◆ Activity: Word for word, write the lines below out again, with no pictures.

◆ Input data:
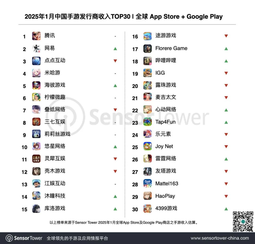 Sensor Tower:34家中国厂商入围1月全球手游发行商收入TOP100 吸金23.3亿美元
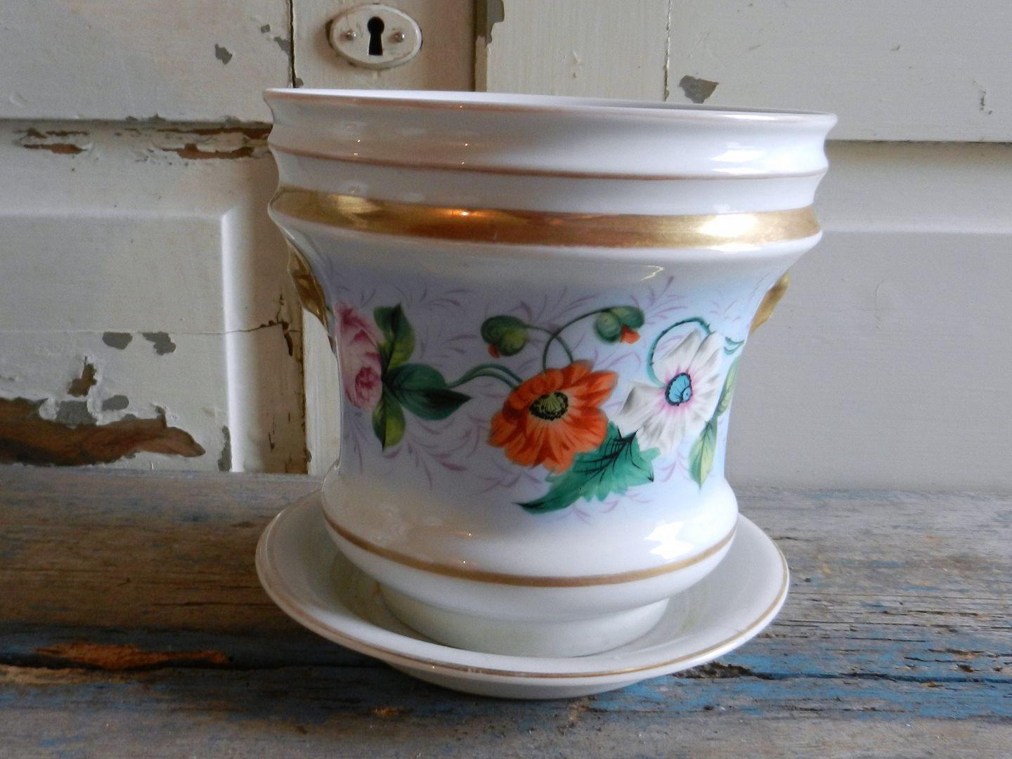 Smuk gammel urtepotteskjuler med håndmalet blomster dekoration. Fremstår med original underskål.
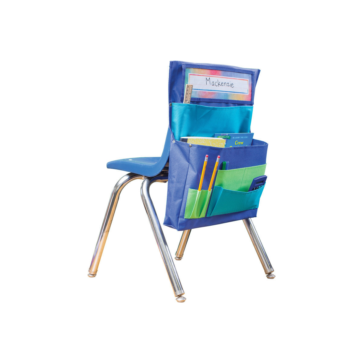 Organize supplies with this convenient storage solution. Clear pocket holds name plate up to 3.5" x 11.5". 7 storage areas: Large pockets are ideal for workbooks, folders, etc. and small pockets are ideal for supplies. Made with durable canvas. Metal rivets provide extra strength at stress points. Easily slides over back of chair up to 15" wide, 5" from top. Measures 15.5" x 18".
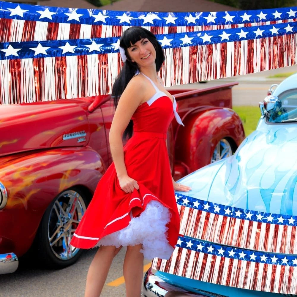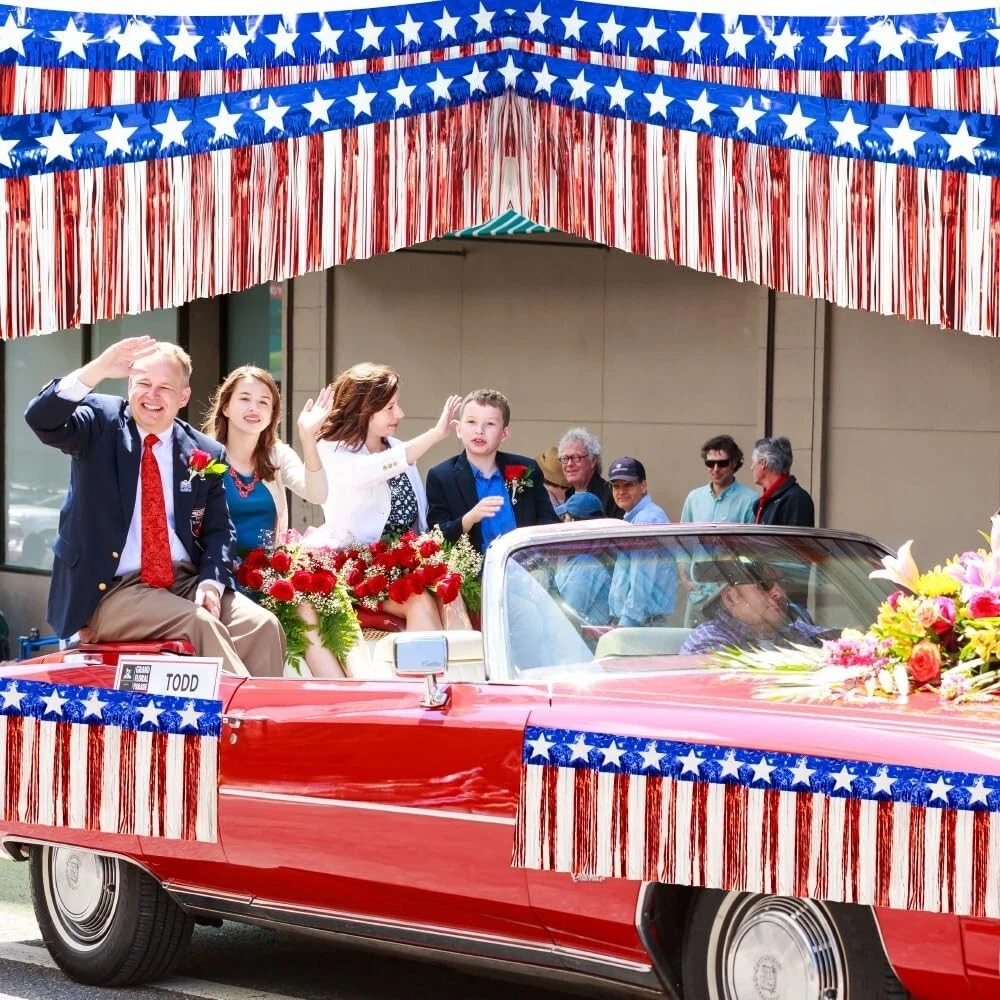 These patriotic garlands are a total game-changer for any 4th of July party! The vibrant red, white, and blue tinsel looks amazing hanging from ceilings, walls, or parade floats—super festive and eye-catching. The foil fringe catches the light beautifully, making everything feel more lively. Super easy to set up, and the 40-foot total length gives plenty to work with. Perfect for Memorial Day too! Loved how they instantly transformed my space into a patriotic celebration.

◆ Your solution:
 Sensor Tower:34家中国厂商入围1月全球手游发行商收入TOP100 吸金23.3亿美元
 Smuk gammel urtepotteskjuler med håndmalet blomster dekoration. Fremstår med original underskål.
 Organize supplies with this convenient storage solution. Clear pocket holds name plate up to 3.5" x 11.5". 7 storage areas: Large pockets are ideal for workbooks, folders, etc. and small pockets are ideal for supplies. Made with durable canvas. Metal rivets provide extra strength at stress points. Easily slides over back of chair up to 15" wide, 5" from top. Measures 15.5" x 18".
 These patriotic garlands are a total game-changer for any 4th of July party! The vibrant red, white, and blue tinsel looks amazing hanging from ceilings, walls, or parade floats—super festive and eye-catching. The foil fringe catches the light beautifully, making everything feel more lively. Super easy to set up, and the 40-foot total length gives plenty to work with. Perfect for Memorial Day too! Loved how they instantly transformed my space into a patriotic celebration.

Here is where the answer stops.